◆ How to complete this task ◆
The answer must consist solely of the lines from the start of the records through the line containing "Het perceel waarop", restated word for word, with no pictures.

◆ Data provided ◆
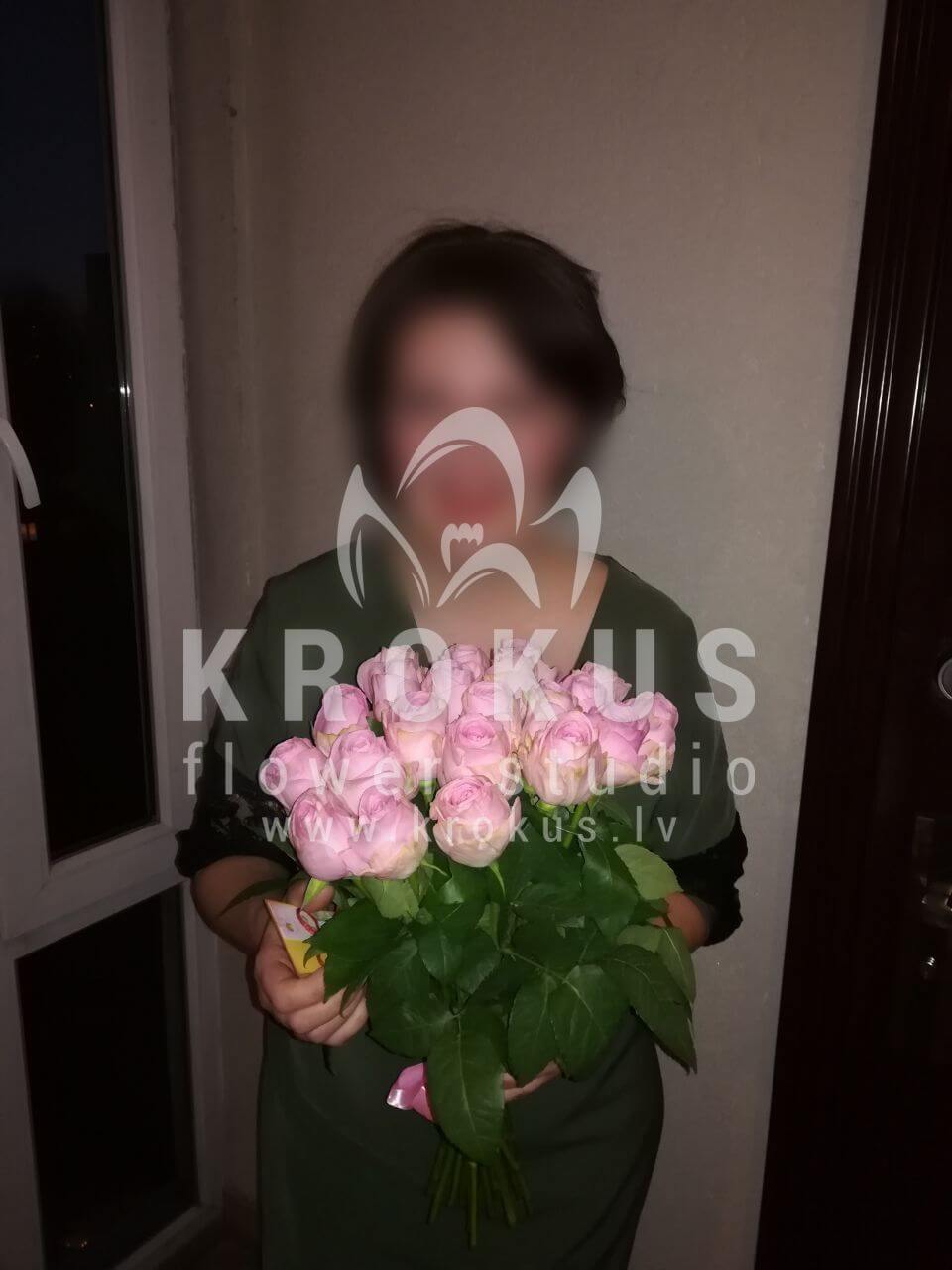 Mēs piegādājām vēl vienu pasūtījumu uz pilsētu Rīga. Pasūtītājs vēlējās: Ziedu piegāde Rozā rozes 50cm
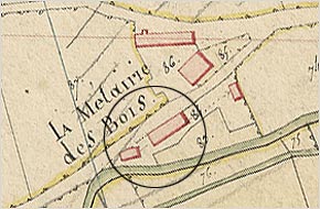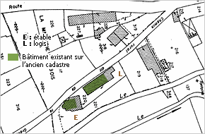 Commentaire historique : Cette maison composée de trois logis sous un même toit, existait sur l'ancien cadastre mais sa façade a été entièrement reprise dans la 1ère moitié du 19e siècle. L'étable, construite également au 19e siècle englobe un bâtiment du 18e siècle (?) que la tradition locale considère comme une ancienne chapelle. Il semble plus vraisemblable que le bâtiment en hémicycle à l'extrémité de l'étable corresponde aux vestiges d'une tour ou d'un pigeonnier.
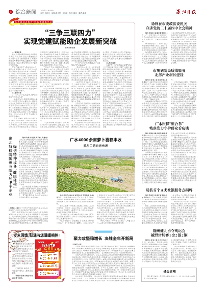 随州日报讯(特约记者程淇、通讯员杨明月、郑伟)抖土、削缨、装车……12月5日,广水市长岭镇土滩埔村蔬菜种植基地,村民三五成群,弯腰从土里拔出萝卜,动作娴熟利落,脸上洋溢着丰收的喜悦。
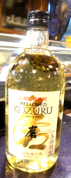 看板をくぐり店内に入り、カウンターに座りした。また来店することもあると思い、焼酎のボトルを注文。ウイスキーの様な琥珀色と味わいの鹿児島県メローコヅルの里で熟成された「メローコヅル 磨」。
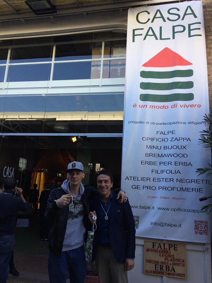 CasaFalpe al Fuorisalone:Emozionante è stata la visita di Davide Van de Sfroos che per noi comaschi è qualcosa di più di un cantautore famoso, rappresenta e incarna con le sue canzoni la storia e le tradizioni del nostro Lago di Como. Vederlo entrare a #CasaFalpe mentre si trovata in Tortona per pubblicizzare il suo concerto di Giugno nello stadio di San Siro a Milano, perchè aveva saputo che lì, in Via Tortona 31, c’era un’azienda artigiana comasca è stata una vera sorpresa. Entrato, ha voluto suonare il basso che Enrico ha lasciato a disposizione dei visitatori, proprio all’interno di #CasaFalpe.
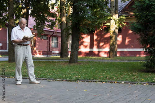 An elderly retired man walks alone in the park. An old, balding man with glasses stands against the background of a red building and reads a book
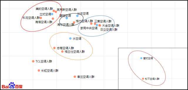 从百度思南的人群分析结果来看,Top15品牌人群可以划分为六类。第一类,美的,格力,海尔组成的国产空调人群,这类人群与空调大行业人群也最相似;第二类,大金,三菱,日立,松下组成的日资空调人群;第三类,奥克斯和海信人群;第四类,科龙和志高人群;第五类,格兰仕和TCL人群;第六类是春兰和长虹人群。
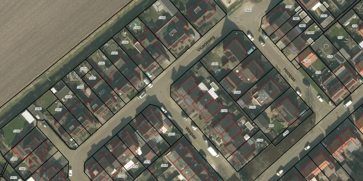 Het perceel waarop Weipas 1 staat heeft een oppervlakte van 1249 m². Dit is een zeer groot perceel. De perceeloppervlakte wordt geregistreerd door het Kadaster. Gedetailleerde informatie over de maten van dit perceel kunt u vinden in het rapport Kadastrale kaart met maatvoering van Weipas 1.
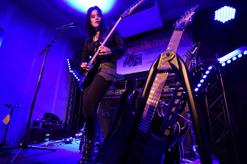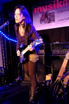 12.04.2018 xkhx Frankfurt am Main, Messe Musikmesse 2018 - Guitar Camp Jen Majura (Evanescence) Gitarristin / Sängerin / Bassistin / Komponistin *** Foto: Peter Hartenfelser
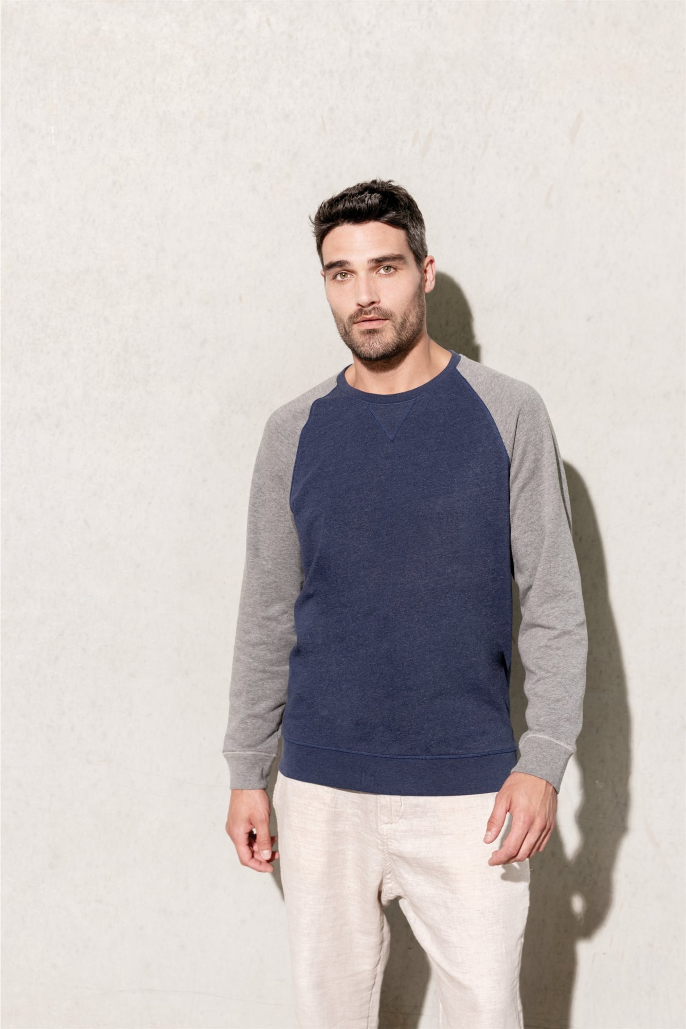 80% cotone / 20% poliestere. Realizzato con l'80% di cotone biologico. La certificazione OCS Blended (Organic Content standard) è rilasciata da Ecocert Greenlife. Felpa non garzata (French Terry). LST (Low Shrinkage Terry). Collo, polsini e fondo capo a costine. Nastrino di rinforzo a motivo spigato nel colletto e applicazione a V sul davanti del collo. Nessuna etichetta con il nome della marca sul collo; solo una piccola etichetta con l'indicazione della taglia per semplificare la personalizzazione.
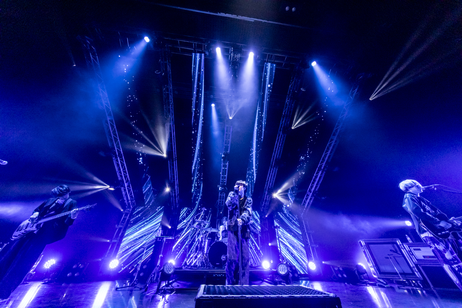 本ツアーの為に新たに制作されたオープニング楽曲が鳴り響き、特殊形状のLEDを這うような映像演出と特殊形状のトラスにも仕込まれた照明演出が会場の世界観を一変させる中、観客の拍手喝采に包まれながらメンバー1人1人が順次登場。ベース桐木、ギター吉田、ドラム黒川に続き、ボーカル柳田が走りながら登場しステージ左右で煽った後にステージセンターで「始まりの唄を今歌おう」という一節ではじまる「巡る巡る」を披露しはじめると、一気に会場のボルテージはMAXに。立て続けに「タイムファクター」「イリーガル・ゲーム」とアップテンポの人気楽曲をパフォーマンスし、場内をヒートアップさせ、冒頭から会場を神サイの世界観に包み込んだ。

◆ Finished exercise ◆
 Mēs piegādājām vēl vienu pasūtījumu uz pilsētu Rīga. Pasūtītājs vēlējās: Ziedu piegāde Rozā rozes 50cm
 Commentaire historique : Cette maison composée de trois logis sous un même toit, existait sur l'ancien cadastre mais sa façade a été entièrement reprise dans la 1ère moitié du 19e siècle. L'étable, construite également au 19e siècle englobe un bâtiment du 18e siècle (?) que la tradition locale considère comme une ancienne chapelle. Il semble plus vraisemblable que le bâtiment en hémicycle à l'extrémité de l'étable corresponde aux vestiges d'une tour ou d'un pigeonnier.
 随州日报讯(特约记者程淇、通讯员杨明月、郑伟)抖土、削缨、装车……12月5日,广水市长岭镇土滩埔村蔬菜种植基地,村民三五成群,弯腰从土里拔出萝卜,动作娴熟利落,脸上洋溢着丰收的喜悦。
 看板をくぐり店内に入り、カウンターに座りした。また来店することもあると思い、焼酎のボトルを注文。ウイスキーの様な琥珀色と味わいの鹿児島県メローコヅルの里で熟成された「メローコヅル 磨」。
 CasaFalpe al Fuorisalone:Emozionante è stata la visita di Davide Van de Sfroos che per noi comaschi è qualcosa di più di un cantautore famoso, rappresenta e incarna con le sue canzoni la storia e le tradizioni del nostro Lago di Como. Vederlo entrare a #CasaFalpe mentre si trovata in Tortona per pubblicizzare il suo concerto di Giugno nello stadio di San Siro a Milano, perchè aveva saputo che lì, in Via Tortona 31, c’era un’azienda artigiana comasca è stata una vera sorpresa. Entrato, ha voluto suonare il basso che Enrico ha lasciato a disposizione dei visitatori, proprio all’interno di #CasaFalpe.
 An elderly retired man walks alone in the park. An old, balding man with glasses stands against the background of a red building and reads a book
 从百度思南的人群分析结果来看,Top15品牌人群可以划分为六类。第一类,美的,格力,海尔组成的国产空调人群,这类人群与空调大行业人群也最相似;第二类,大金,三菱,日立,松下组成的日资空调人群;第三类,奥克斯和海信人群;第四类,科龙和志高人群;第五类,格兰仕和TCL人群;第六类是春兰和长虹人群。
 Het perceel waarop Weipas 1 staat heeft een oppervlakte van 1249 m². Dit is een zeer groot perceel. De perceeloppervlakte wordt geregistreerd door het Kadaster. Gedetailleerde informatie over de maten van dit perceel kunt u vinden in het rapport Kadastrale kaart met maatvoering van Weipas 1.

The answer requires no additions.